Null hypothesis and alternative hypothesis

$H_{0}$ : the survival curves of the two groups of patients are not different
$H_{1}$ : the survival curves are different

#Run log-Rank test to compare the curves for the intervention groups A Vs B
SurvDiff <- survdiff(Surv(time, status) ~ intervention, data = dat)
SurvDiff

Call:
survdiff(formula = Surv(time, status) ~ intervention, data = dat)

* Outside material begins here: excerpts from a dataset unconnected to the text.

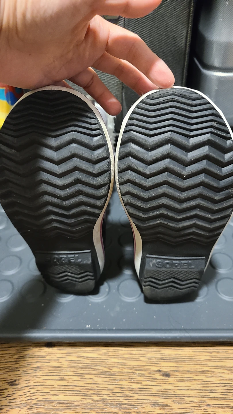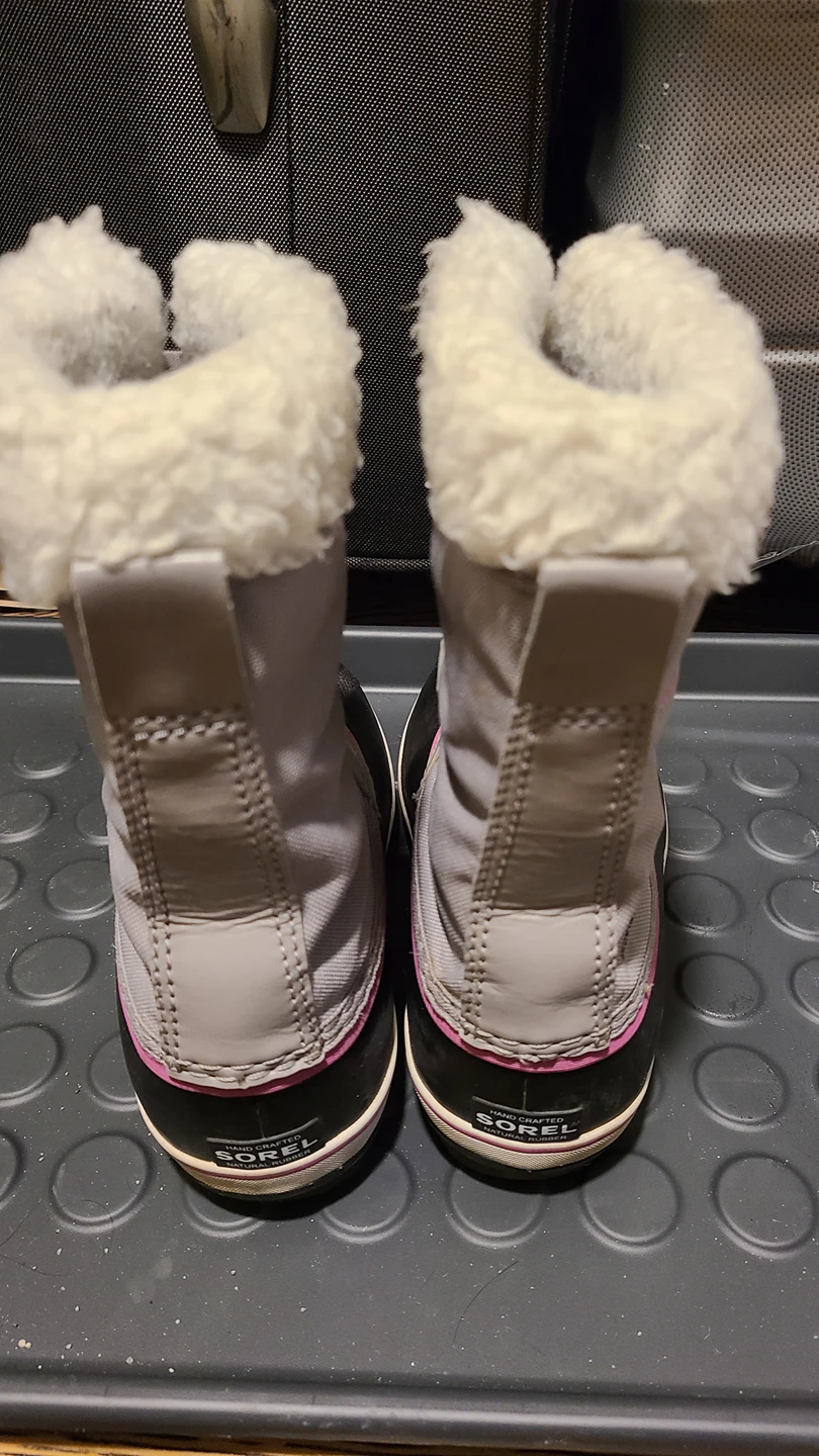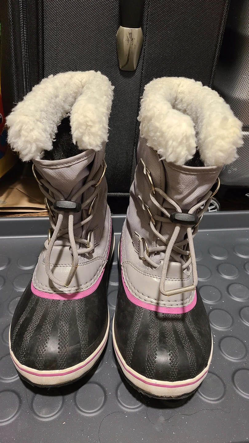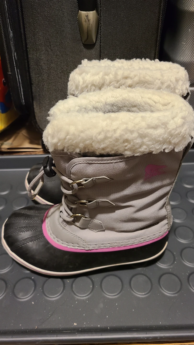 Size 3 Sorel winter boots. Bought them Feb. this year Good condition. Nothing wrong with the boots. They are just too small now.
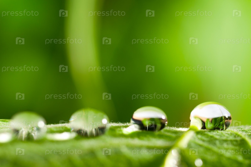 Роса на зеленых листочках крупным планом
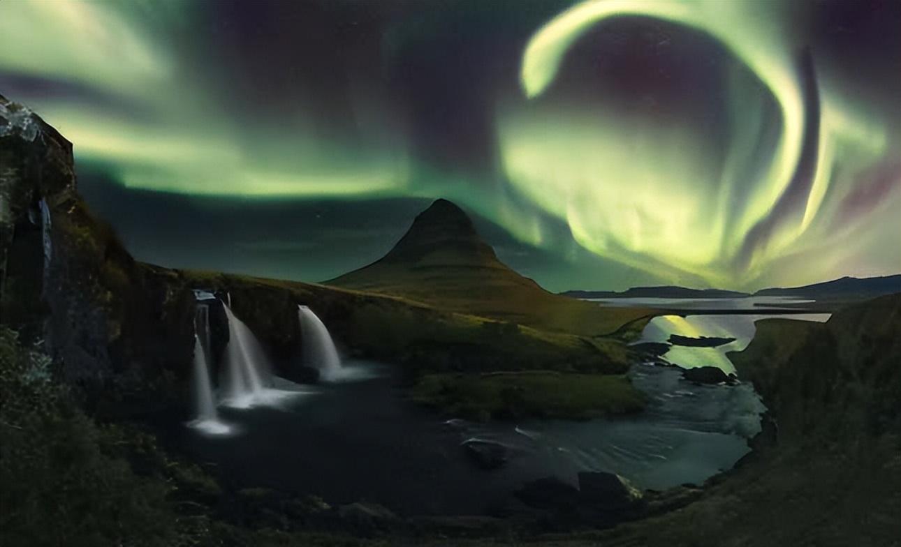一座大山突出在北极光的翡翠挂毯前。下面,一条瀑布落入一个漆黑的水池。
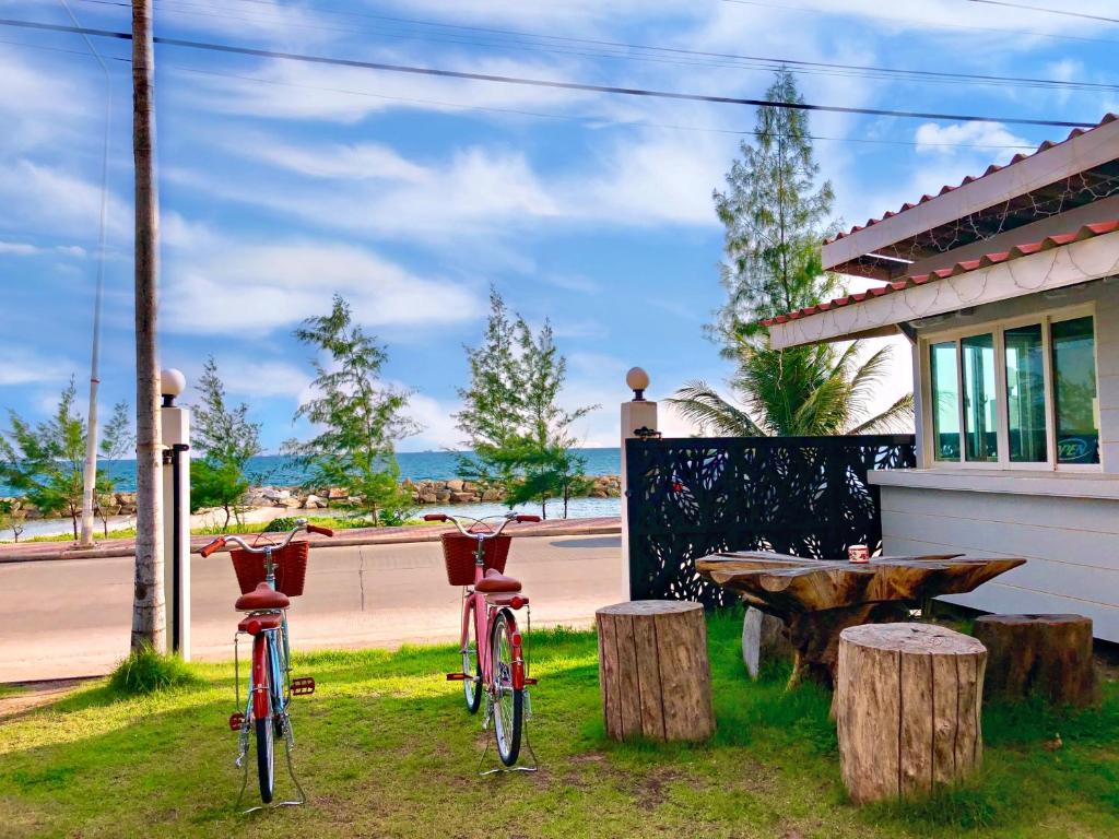 ก็สามารถเดินข้ามจากที่พักไปนั่งชิวๆ ที่ริมทะเลได้เลย ฝั่งชายหาดก็จะมีของขายเยอะมาก จะนั่งร้านหรือเอาเก้าอี้สนาม

                                   N Observed Expected (O-E)^2/E (O-E)^2/V
intervention=therapy A (new)      21        9    17.65      4.24      13.3
intervention=therapy B (standard) 21       18     9.35      8.00      13.3

 Chisq= 13.3  on 1 degrees of freedom, p= 3e-04

The log-rank test yields a chi-square statistical value, as it is built upon this framework. Therefore, the log-rank estimates the expected number of deaths among patients and compares it with the actual number of observed deaths. The resulting p-value is 0.0003, which means that we reject the null hypothesis and that the survival curves are significantly different.

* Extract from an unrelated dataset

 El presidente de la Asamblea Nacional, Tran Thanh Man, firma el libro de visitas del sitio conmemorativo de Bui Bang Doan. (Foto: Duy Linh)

34.5.3 The Hazard Ratio (HR)

The Hazard ratio (HR) is an estimate of the ratio of the hazard rate in the new therapy versus the standard therapy. The hazard ratio is often interpreted as a risk ratio or odds ratio, although they are not technically the same.

HR versus RR and OR

Hazard ratios (HRs) differ from relative risks (RRs) and odds ratio (OR) in that RRs and ORs are cumulative over an entire study, using a defined endpoint, while HRs represent instantaneous risk over the study time period.

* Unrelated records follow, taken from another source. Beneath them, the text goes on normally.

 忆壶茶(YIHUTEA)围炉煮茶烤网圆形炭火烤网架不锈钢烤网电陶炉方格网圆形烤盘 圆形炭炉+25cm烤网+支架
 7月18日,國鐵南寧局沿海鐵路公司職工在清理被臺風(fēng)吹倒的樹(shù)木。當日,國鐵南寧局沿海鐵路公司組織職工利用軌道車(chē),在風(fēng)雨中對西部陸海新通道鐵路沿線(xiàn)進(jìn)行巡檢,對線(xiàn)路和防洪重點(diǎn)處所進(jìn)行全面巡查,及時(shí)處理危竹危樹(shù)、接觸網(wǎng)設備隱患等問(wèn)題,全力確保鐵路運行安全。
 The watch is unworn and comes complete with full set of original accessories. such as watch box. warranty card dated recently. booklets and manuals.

After computing the number of observed events (deaths) in each group ( $O_{A}$ for observed number of events in group A and $O_{B}$ for observed number of events in group B), and the expected number of events assuming a null hypothesis of no difference in survival ( $E_{A}$ for expected number of events in group A and $E_{B}$ for expected number of events in group B) using the log-rank approach, we can calculate the hazard ratio:

$H a z a r d R a t i o = H R = \frac{\frac{O_{A}}{E_{A}}}{\frac{O_{B}}{E_{B}}} = \frac{\frac{9}{17.65}}{\frac{18}{9.35}} = \frac{0.51}{1.94} = 0.26$

We also can compute the 95% confidence interval for the HR. First, we compute the standard error of the natural logarithm of the hazard ratio:

$S E_{l n H R} = \sqrt{\frac{1}{E_{A}} + \frac{1}{E_{B}}} = \sqrt{\frac{1}{17.65} + \frac{1}{9.35}} = \sqrt{0.057 + 0.107} = \sqrt{0.164} = 0.404$

Second, we calculate the 95% CI of the natural logarithm of the hazard ratio. The lower limit is:

$L L_{l n H R} = l n H R - 1.96 \cdot S E_{l n H R} = l n (0.26) - 1.96 * 0.404 = - 1.33 - 0.79 = - 2.12$

and the upper limit:

$U L_{l n H R} = l n H R + 1.96 \cdot S E_{l n H R} = l n (0.26) + 1.96 * 0.404 = - 1.33 + 0.79 = - 0.54$

Finally, we convert each of these values back to HR using:

$L L_{H R} = e x p (L L_{l n H R}) = e x p (- 2.12) = 0.12$ and

$U L_{H R} = e x p (U L_{l n H R}) = e x p (- 0.54) = 0.58$

The hazard of dying is 74% lower (0.26 - 1 = -0.74) in the new treatment than in the standard treatment (HR=0.26; 95% CI: 0.12, 0.58).

In R:

The HR is:

O_A <- SurvDiff$obs[1]
O_B <- SurvDiff$obs[2]
E_A <- SurvDiff$exp[1]
E_B <- SurvDiff$exp[2]
HR <- (O_A/E_A)/(O_B/E_B)
HR

[1] 0.2649746

and the standard error of the logarithm of HR:

SE_lnHR = sqrt(1/E_A + 1/E_B)
SE_lnHR

[1] 0.4044623

The lower and upper limits of the logarithm of HR are:

LL_lnHR <- log(HR) - 1.96*SE_lnHR
LL_lnHR

[1] -2.120867

UL_lnHR <- log(HR) + 1.96*SE_lnHR
UL_lnHR

[1] -0.5353751

Finally:

LL_HR <- exp(LL_lnHR)
UL_HR <- exp(UL_lnHR)
CI95 <- c(LL_HR = LL_HR, UL_HR = UL_HR)
CI95

    LL_HR     UL_HR 
0.1199276 0.5854496

Comment

The log-rank test has optimum power under the assumption of proportional hazard rates. This assumption posits that the ratio of hazards between groups remains constant over time.